(Entries taken from a collection)
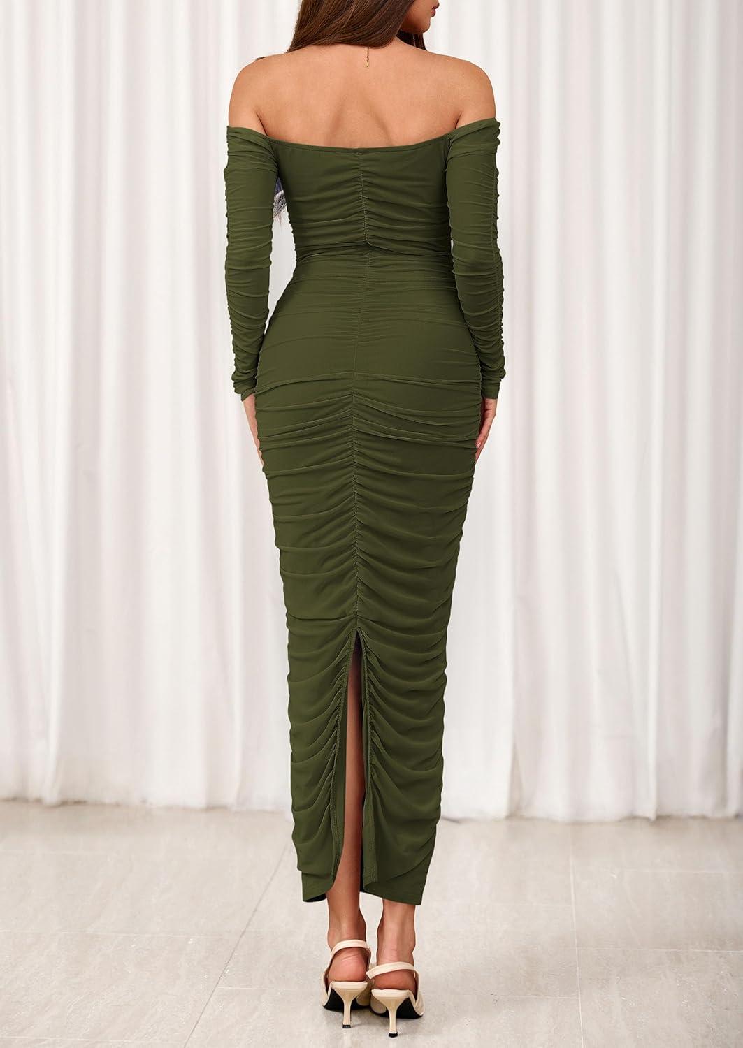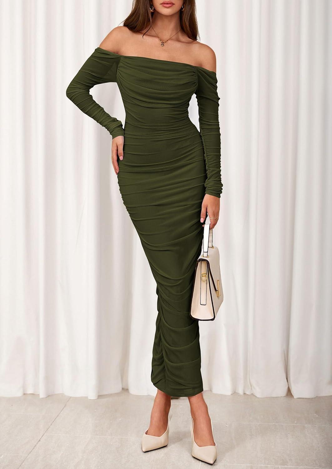 PRETTYGARDEN Womens 2025 Fall Long Sleeve Maxi Dress Off Shoulder Mesh Ruched Bodycon Trendy Long Wedding Guest Dresses(Army Green)
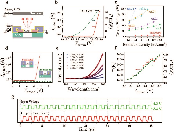 碳纳米管(CNT)具有优异的导电性、导热性、机械和热稳定性,是一种稳定可靠的微型热电子灯丝。 魏贤龙课题组前期的工作研究已经证实碳纳米管具有优异的热电子发射性能以及利用碳纳米管在片上集成微型热电子发射阵列的可行性。
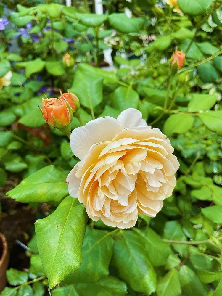 1番花のオオトリYukikoがまだ満開じゃない中、2番花のロアルドダールが咲いております💛
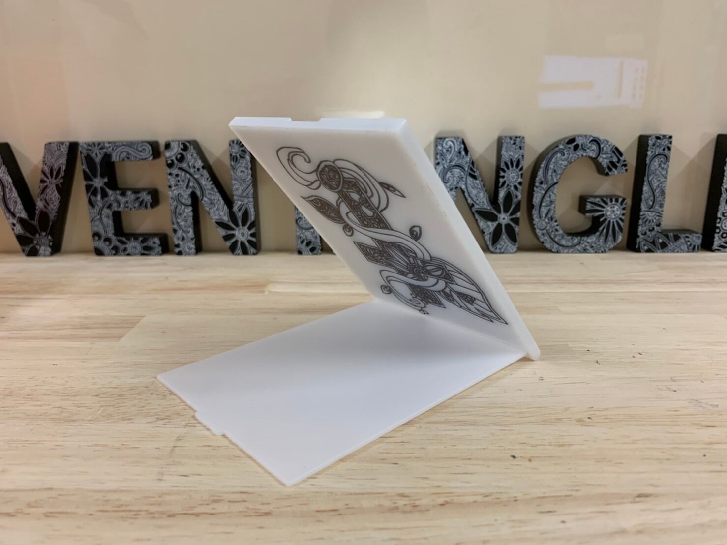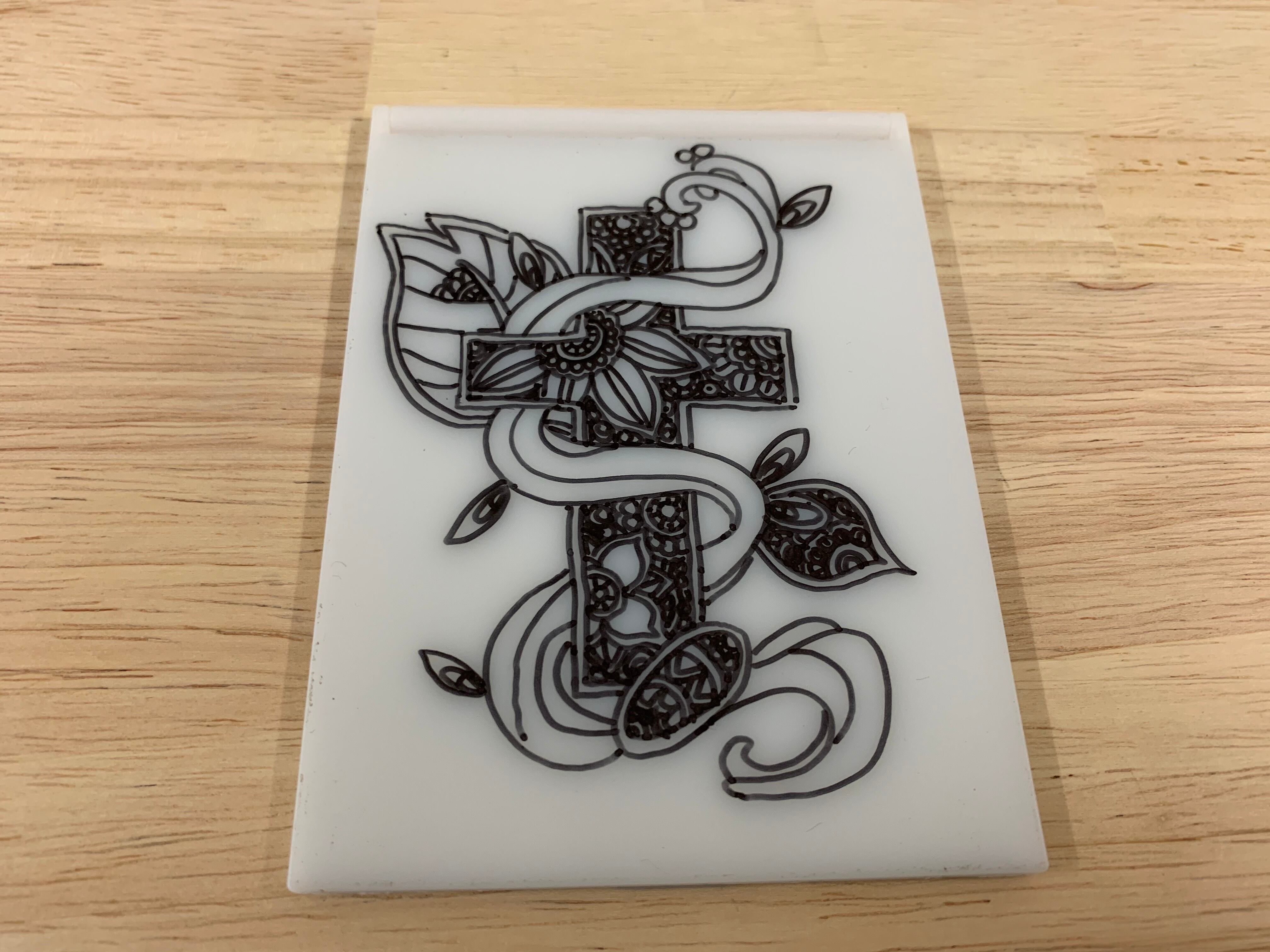 開閉式のハンドミラーに、黒の油性マーカーで”クロスモチーフ”デザインをしました。シンプルなデザインは飽きがきませんね。サイズは約12.5㎝×9.5㎝となります。
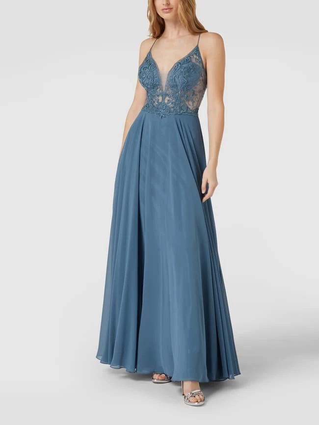 Das Abendkleid von LUXUAR FASHION ist aus strapazierfähigem Material gefertigt und tailliert geschnitten. Es kommt mit semitransparentem Obermaterial, blickdichtem Unterkleid und Zierbesatz.
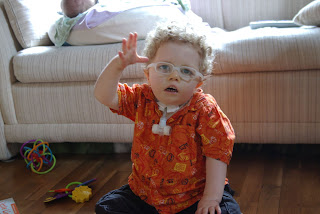 When we went to pick up the glasses I had a momentary freak out moment as the optometrist put some alien green glasses on him. I said "no thank you" can you just put the new lenses in the frames he has. So thankfully we left with a cute Luke in white glasses.
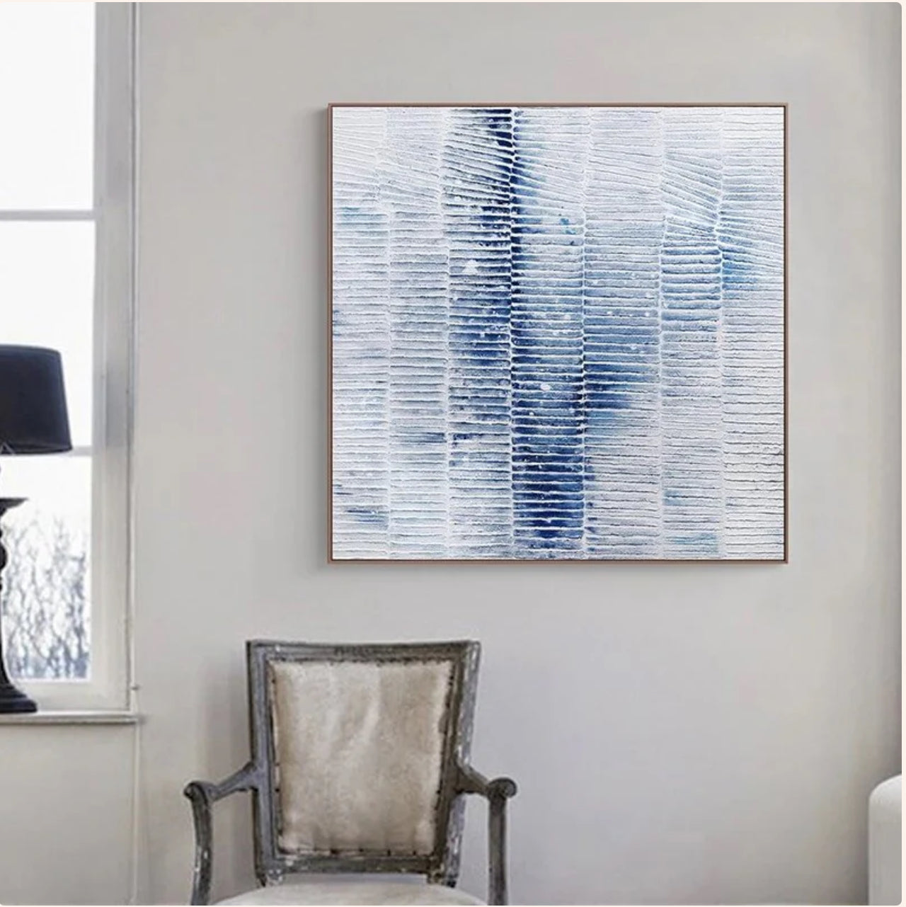 What a beautiful, mesmerizing art piece this is! With a unique technique, the artist created a kind of layered 3D effect! This makes the painting really pop off the wall!
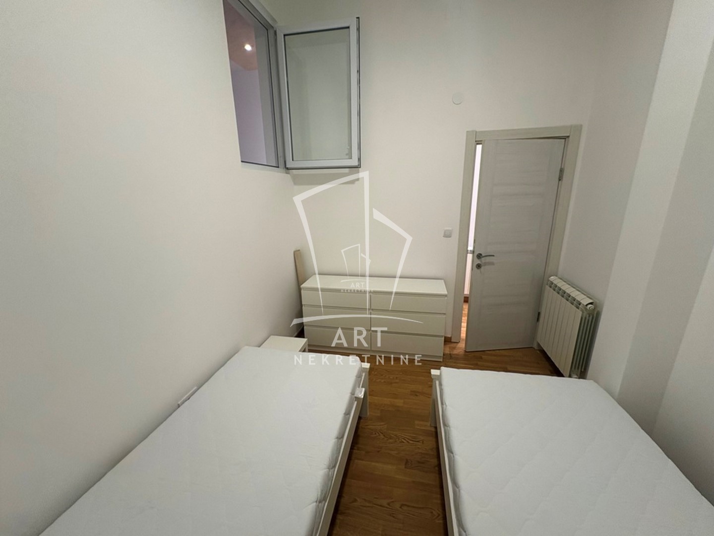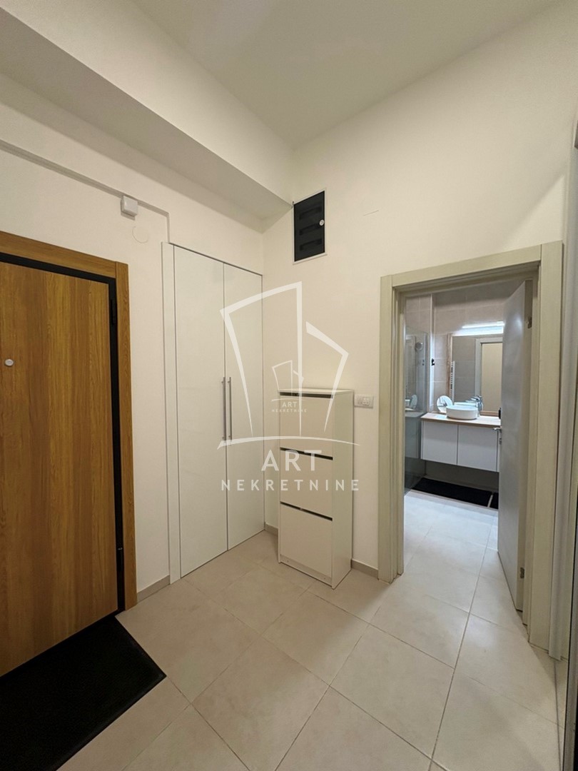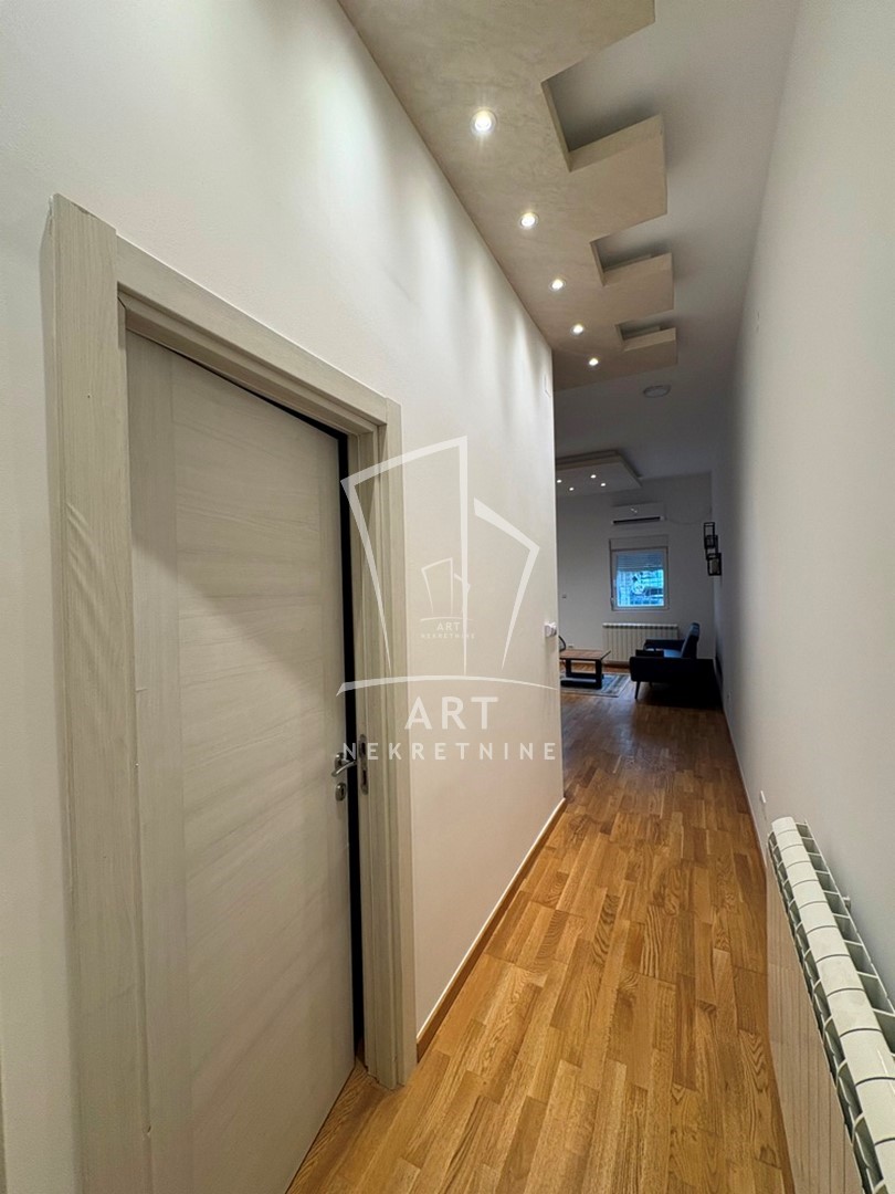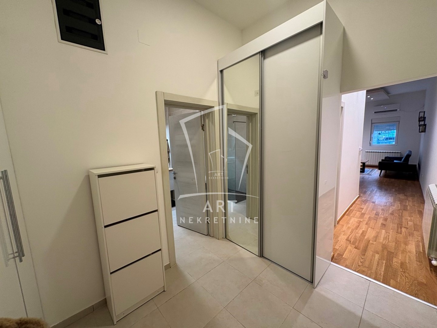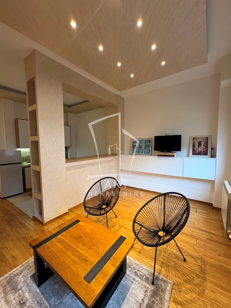 Opremljen je novim nameštajem, a dodatni komfor pružaju visoki plafoni od 3.20 m, etažno grejanje, inverter klima uređaj, kao i niski mesečni troškovi. Dostupno je parking mesto uz doplatu od 50€.
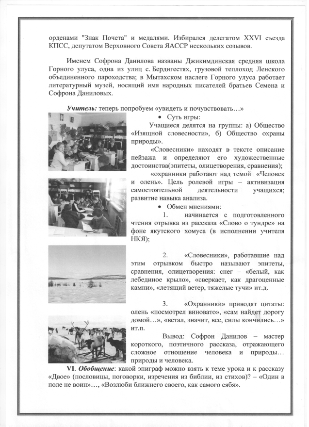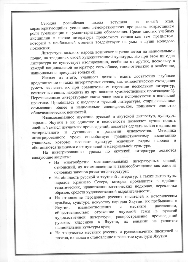 На интегрированных уроках по якутской литературе делаются следующие акценты:
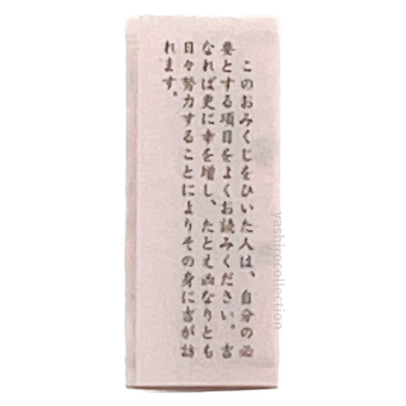 このおみくじをひいた人は、自分の必要とする項目をよくお読みください。吉なれば更に幸を増し、たとえ凶なりとも日々努力することによりその身に吉が訪れます。
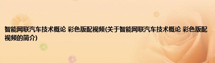 智能网联汽车技术概论彩色版配视频(关于智能网联汽车技术概论彩色版配视频的简介)
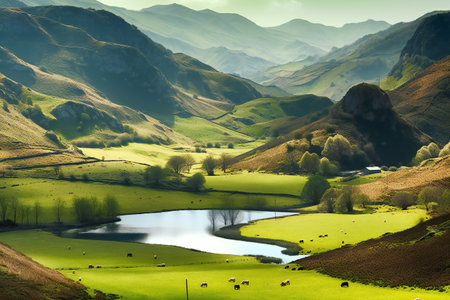 the picturesque malham peninsula in the heart of yorkshire dales national park, england, is showcased in this breathtaking, photorealistic image, capturing the dreamy, serene atmosphere of the rolling hills, lush green pastures, and meandering streams, evoking a sense of tranquility and connection with nature. ai generated
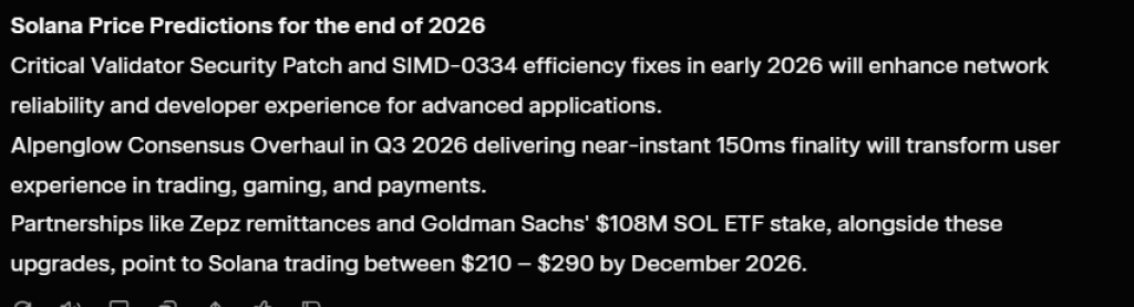 Combined with partnerships like Zepz remittances and Goldman Sachs’ $108M SOL ETF stake, Grok forecasts the Solana price trading between $210 and $290 by December 2026.

- [TRY IT]:
Reproduce the lines above beginning at the line that contains "碳纳米管(CNT)具有优异的" and ending at the line that contains "the picturesque malham". No pictures.

- [ANSWER TO THE PROBLEM]:
 碳纳米管(CNT)具有优异的导电性、导热性、机械和热稳定性,是一种稳定可靠的微型热电子灯丝。 魏贤龙课题组前期的工作研究已经证实碳纳米管具有优异的热电子发射性能以及利用碳纳米管在片上集成微型热电子发射阵列的可行性。
 1番花のオオトリYukikoがまだ満開じゃない中、2番花のロアルドダールが咲いております💛
 開閉式のハンドミラーに、黒の油性マーカーで”クロスモチーフ”デザインをしました。シンプルなデザインは飽きがきませんね。サイズは約12.5㎝×9.5㎝となります。
 Das Abendkleid von LUXUAR FASHION ist aus strapazierfähigem Material gefertigt und tailliert geschnitten. Es kommt mit semitransparentem Obermaterial, blickdichtem Unterkleid und Zierbesatz.
 When we went to pick up the glasses I had a momentary freak out moment as the optometrist put some alien green glasses on him. I said "no thank you" can you just put the new lenses in the frames he has. So thankfully we left with a cute Luke in white glasses.
 What a beautiful, mesmerizing art piece this is! With a unique technique, the artist created a kind of layered 3D effect! This makes the painting really pop off the wall!
 Opremljen je novim nameštajem, a dodatni komfor pružaju visoki plafoni od 3.20 m, etažno grejanje, inverter klima uređaj, kao i niski mesečni troškovi. Dostupno je parking mesto uz doplatu od 50€.
 На интегрированных уроках по якутской литературе делаются следующие акценты:
 このおみくじをひいた人は、自分の必要とする項目をよくお読みください。吉なれば更に幸を増し、たとえ凶なりとも日々努力することによりその身に吉が訪れます。
 智能网联汽车技术概论彩色版配视频(关于智能网联汽车技术概论彩色版配视频的简介)
 the picturesque malham peninsula in the heart of yorkshire dales national park, england, is showcased in this breathtaking, photorealistic image, capturing the dreamy, serene atmosphere of the rolling hills, lush green pastures, and meandering streams, evoking a sense of tranquility and connection with nature. ai generated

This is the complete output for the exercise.